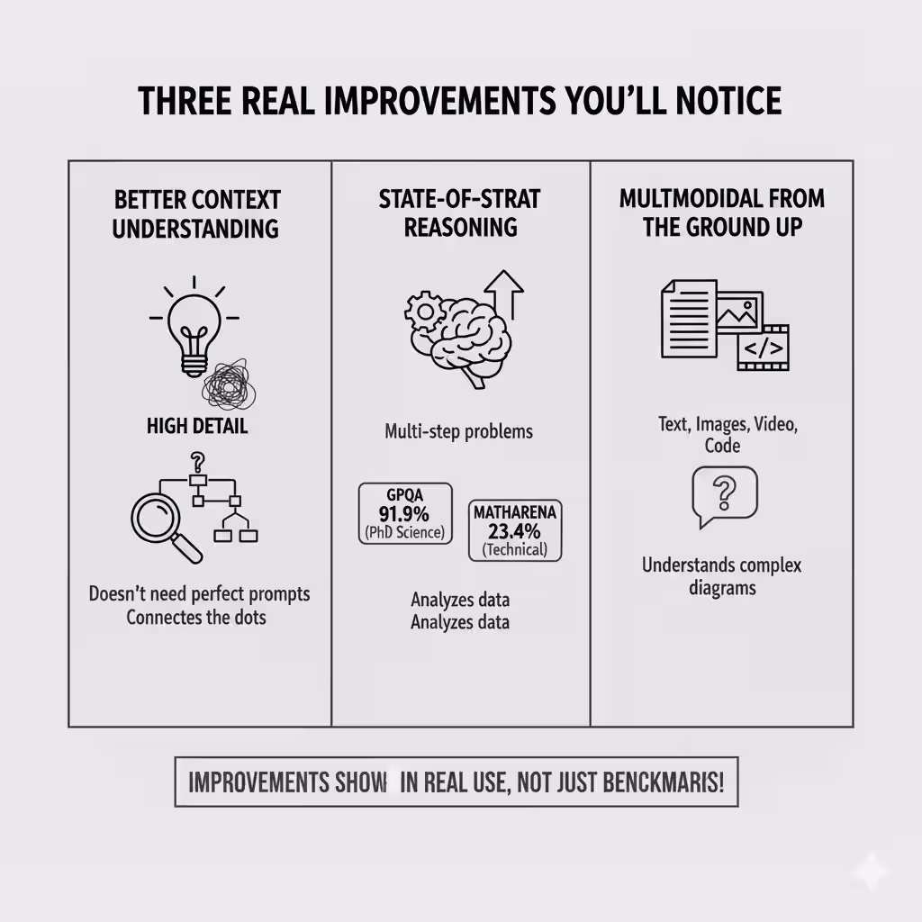 Gemini 3 represents a shift in how AI works — less prompting, smarter context understanding, and tools that actually deliver on the promise of AI assistance.
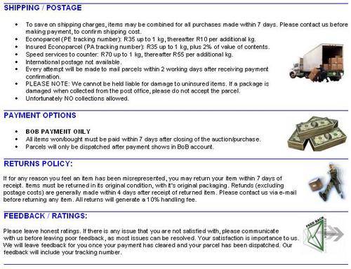 R65.00 Standard shipping applies to orders under R100.00, in most areas in South Africa. R35.00 Standard shipping applies to orders over R100.00. Some areas may attract a surcharge surcharge. This will be calculated at checkout if applicable.
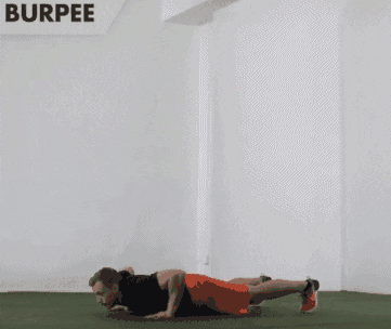 这是个全能型的动作,融合了深蹲、俯卧撑和跳跃。动作要领:从站立姿势开始,迅速下蹲,双手撑地,做一个俯卧撑,再跳起来。 动作进行30秒,重复4组。
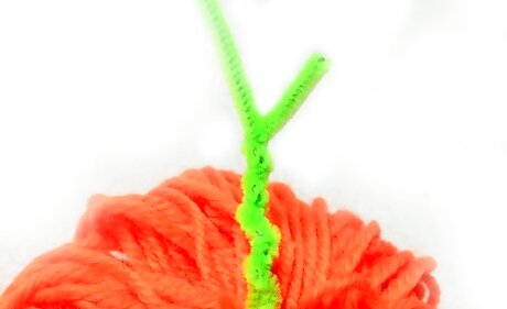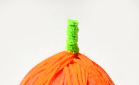 Tie a 2-inch (5.08-centier) piece of green or brown pipe cleaner to the center of your pumpkin. Cut a green or brown pipe cleaner down to 2 inches (5.08 centimeters) and place it on top of your knotted yarn. Tie the ends of the yarn over the pipe cleaner in another double knot.
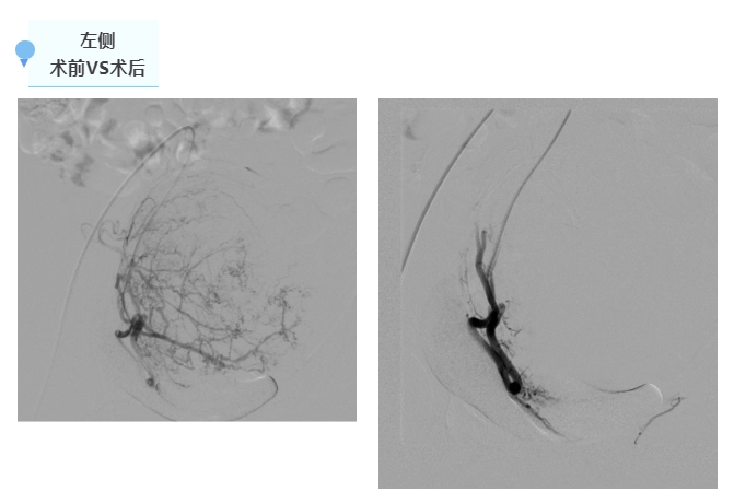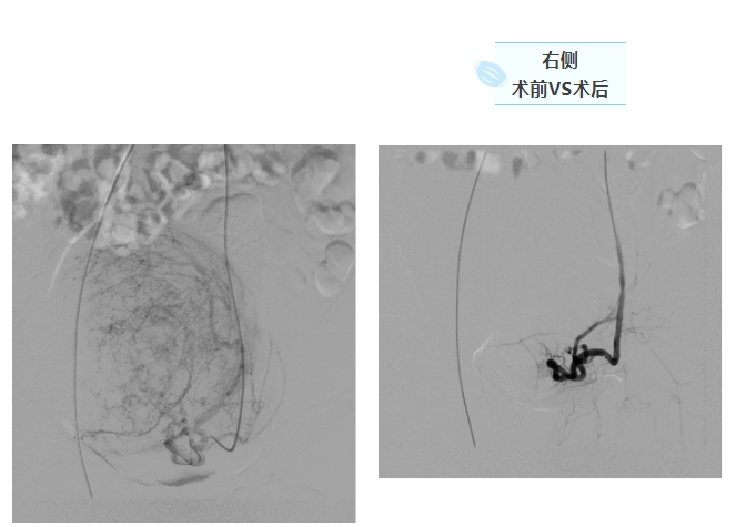手术当天,在郭友主任的带领下,介入团队展现出精湛技艺,通过右侧腹股沟微小针口进行局部麻醉穿刺,在数字减影血管造影(DSA)的精准引导下,将导管准确置入双侧子宫动脉,随后注入空白微球及明胶海绵颗粒进行栓塞。手术全程仅耗时不到2小时,出血量不到5ml,随着双侧子宫肌瘤异常染色消失,宣告子宫肌瘤成功栓塞,肌瘤失去主要血供来源。此外,卵巢具备丰富的供血动脉,即使双侧子宫动脉栓塞,仍能维持正常生理功能,为患者保留生育功能。
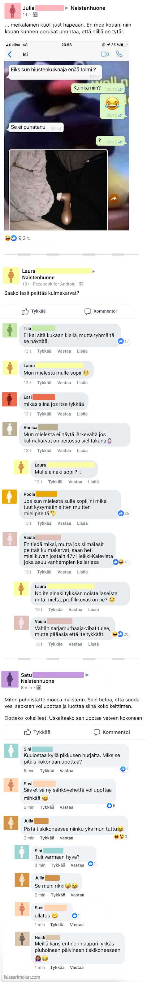 Lisäksi toinen nainen kysyi kuinka hän voisi pestä mocca maisterin. Hän oli ajatellut, että kahvinkeittimen voisi upottaa sooda-vesiliukseen. Toiset kuitenkin huomauttivat ettei sähkölaitteita kannata upottaa veteen, koska ne menevät rikki.
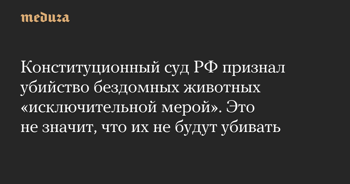 Конституционный суд (КС) России признал умерщвление животных без владельцев «исключительной мерой», которая оправдана только в том случае, когда другие меры не могут обеспечить «защиту» человека.

_INSTRUCTIONS TO FOLLOW_. The entries above are to be reproduced exactly, with the pictures dropped.

_EXERCISE RESPONSE_.
 Gemini 3 represents a shift in how AI works — less prompting, smarter context understanding, and tools that actually deliver on the promise of AI assistance.
 R65.00 Standard shipping applies to orders under R100.00, in most areas in South Africa. R35.00 Standard shipping applies to orders over R100.00. Some areas may attract a surcharge surcharge. This will be calculated at checkout if applicable.
 这是个全能型的动作,融合了深蹲、俯卧撑和跳跃。动作要领:从站立姿势开始,迅速下蹲,双手撑地,做一个俯卧撑,再跳起来。 动作进行30秒,重复4组。
 Tie a 2-inch (5.08-centier) piece of green or brown pipe cleaner to the center of your pumpkin. Cut a green or brown pipe cleaner down to 2 inches (5.08 centimeters) and place it on top of your knotted yarn. Tie the ends of the yarn over the pipe cleaner in another double knot.
手术当天,在郭友主任的带领下,介入团队展现出精湛技艺,通过右侧腹股沟微小针口进行局部麻醉穿刺,在数字减影血管造影(DSA)的精准引导下,将导管准确置入双侧子宫动脉,随后注入空白微球及明胶海绵颗粒进行栓塞。手术全程仅耗时不到2小时,出血量不到5ml,随着双侧子宫肌瘤异常染色消失,宣告子宫肌瘤成功栓塞,肌瘤失去主要血供来源。此外,卵巢具备丰富的供血动脉,即使双侧子宫动脉栓塞,仍能维持正常生理功能,为患者保留生育功能。
 Lisäksi toinen nainen kysyi kuinka hän voisi pestä mocca maisterin. Hän oli ajatellut, että kahvinkeittimen voisi upottaa sooda-vesiliukseen. Toiset kuitenkin huomauttivat ettei sähkölaitteita kannata upottaa veteen, koska ne menevät rikki.
 Конституционный суд (КС) России признал умерщвление животных без владельцев «исключительной мерой», которая оправдана только в том случае, когда другие меры не могут обеспечить «защиту» человека.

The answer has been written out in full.